Sixty metres from the main entrance on Rissik Street is a small stone paved square originally with flower boxes. During the Civic Spine project of 1989–91, Rissik Street between the City Hall and The Post Office was bent in front of the square to accommodate a fountain and obelisks in the centre of the road. Granite steps lead up to the entrance consisting of a colonnaded portico along the full front of the building and with a central domed tower above. The entrance vestibule of marble and mosaics had corridors leading left and right to municipal departments while a marble staircase lead up to the first floor which consisted of the council chamber, committee rooms, councillor's library and lobby with Mayor's parlour facing the square. The council chamber was domed with ornamental plaster and oak finishes with the committee rooms with a similar finish. On the ground floor below the council chamber was the Rates Hall which was accessed from the north and south sides of the building in President and Market Streets. The building originally had an open courtyard in the centre.

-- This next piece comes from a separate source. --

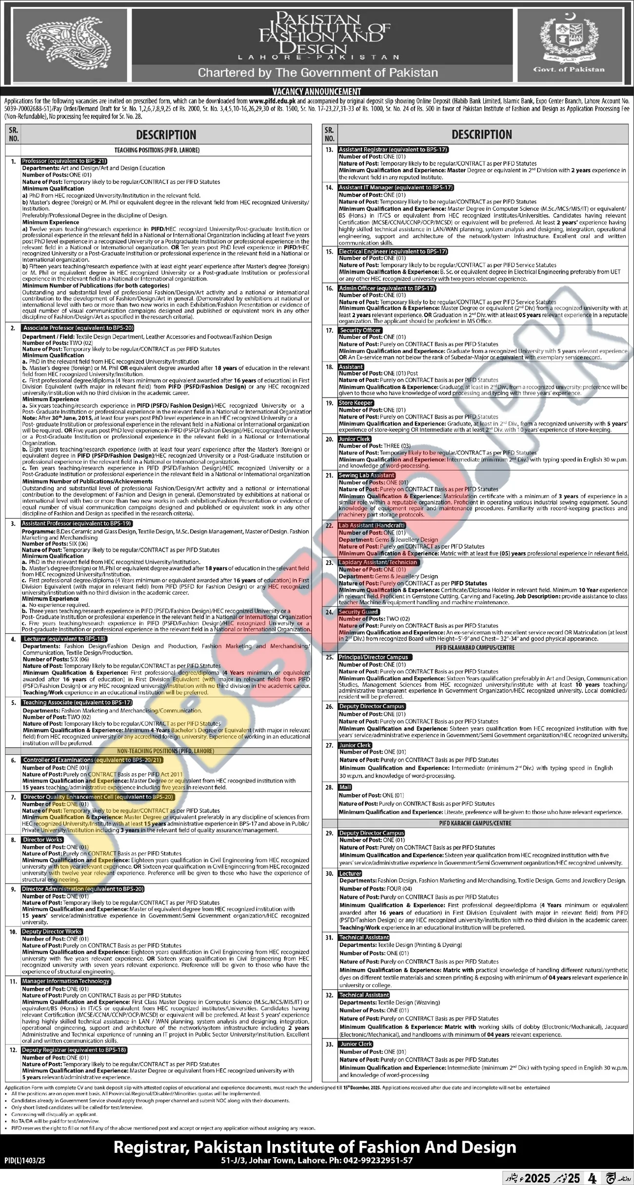 Interested and eligible candidates are encouraged to apply for the Lecturer positions at the Pakistan Institute of Fashion and Design (PIFD). Please follow the instructions below to ensure your application is properly submitted.

The western entrance in President Street faces the now renamed Beyers Naude Square with the Johannesburg City Library beyond that. From that street are five doors to the entrance hall and the town hall beyond, while two staircases on either side lead up to gallery while in the hall itself, the Organ faces the entrance. The hall is decorated in plaster, gilding, and woodwork. Accessed from President Street, Selborne Hall is found on the first floor. The organ for the new hall was built by Noman & Beard of Norwich based on the specifications of Dr Alfred Hollins. The organ was assembled by A.M.F Tomkins of Cooper, Gill and Tomkins under Herbert Norman's supervision. The organ was first opened to the public on 4 March 1916 with an inaugural recital by Alfred Hollins. In the 1920s it was used to present recitals on Sunday nights and during the lunch hour on Tuesdays afternoon. The organ was said to be the largest on the continent of Africa and was at one time the second largest organ in the Southern Hemisphere.

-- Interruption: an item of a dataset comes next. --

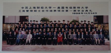 1998年,上海财经大学与美国韦伯斯特大学合作举办工商管理硕士学位项目首届学生毕业典礼
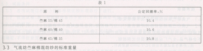 3.2 气流纺苎麻棉混纺纱的公定回潮率以纯麻公定回潮率12%及棉公定回潮率8.5%按混纺比例加权平均计算。

The external walls are brick but clad in sawn border stone from the Free State called Flatpan Freestone. Some of roof is tiled, originally of green Spanish tiles but are now clad in red tiles replicated in Pretoria, while other parts of the roof are cement and corrugated iron. The internal walls consist of plaster, mahogany, oak and teak depending on the location and the rooms uses. While the floor material differs on the location and its uses and could consist of marble, mosaics, American cork and maple.